Schedule reliability recorded another marginal improvement in November 2021, maintaining the range of 34%-40% that we have seen throughout the year.
The average delay for late vessel arrivals also recorded a slight improvement, decreasing by -0.09 days M/M to 7.34 days. That said, the level of delays in 2021 continue to be the highest across each month when compared historically.
Ocean carriers, obliged to temporarily omit severely congested ports during the current supply chain disruptions, are rethinking their network coverage in favour of a permanent change to fewer hubs. For instance, Hapag Lloyd aims at simplifying its network which has become too complex over years of trade evolvement and acquisitions, thereby cutting costs by using fewer hubs in order to improve quality of service. Nevertheless, as member of THE Alliance, the carrier has to reach an agreement with its partners prior to this.

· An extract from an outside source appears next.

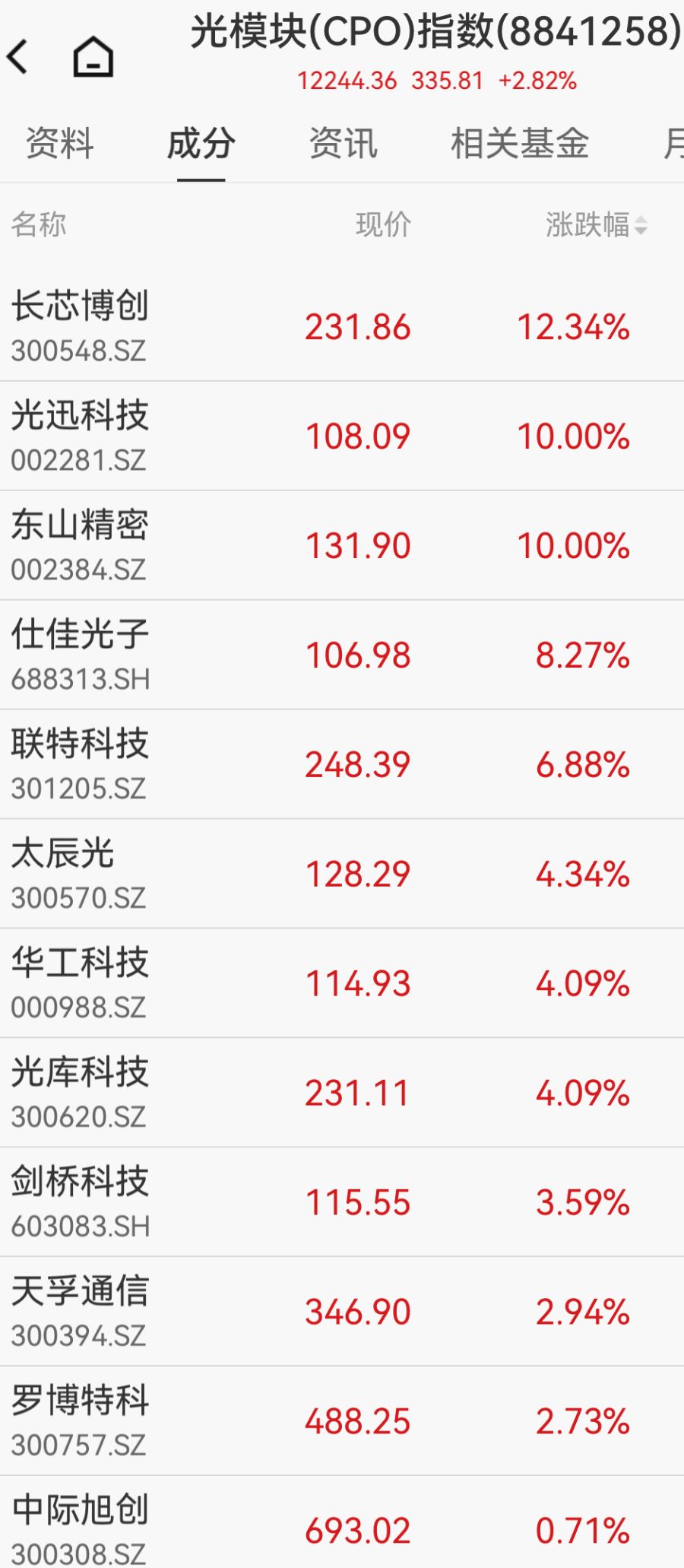 4月9日,光模块(CPO)指数震荡走高,长芯博创涨超12%领涨,东山精密2天2板,光迅科技涨停,仕佳光子、联特科技涨超5%跟涨。

Major ocean carriers are to make astonishing and unexpected profits.
After reporting even better-than-expected profits for the third quarter, they are being forced yet again to upgrade full-year earnings forecasts. The cumulative profit for the liner industry could be nearer to $200bn, that is double the profit made by carriers in the past 20 years. Unprecedented earnings for container shipping in Q3 see the industry outpacing the world’s largest tech giants in terms of Q3 profitability.
Unsurprisingly carriers do not lack ideas to spend these huge revenues.
Investment in the containership orderbook is the highest it has been in nearly 15 years. According to Drewry, fleet growth will still lag behind demand growth in 2022 but there is a risk of returning to overcapacity from 2023 onwards when recent orders start to be delivered.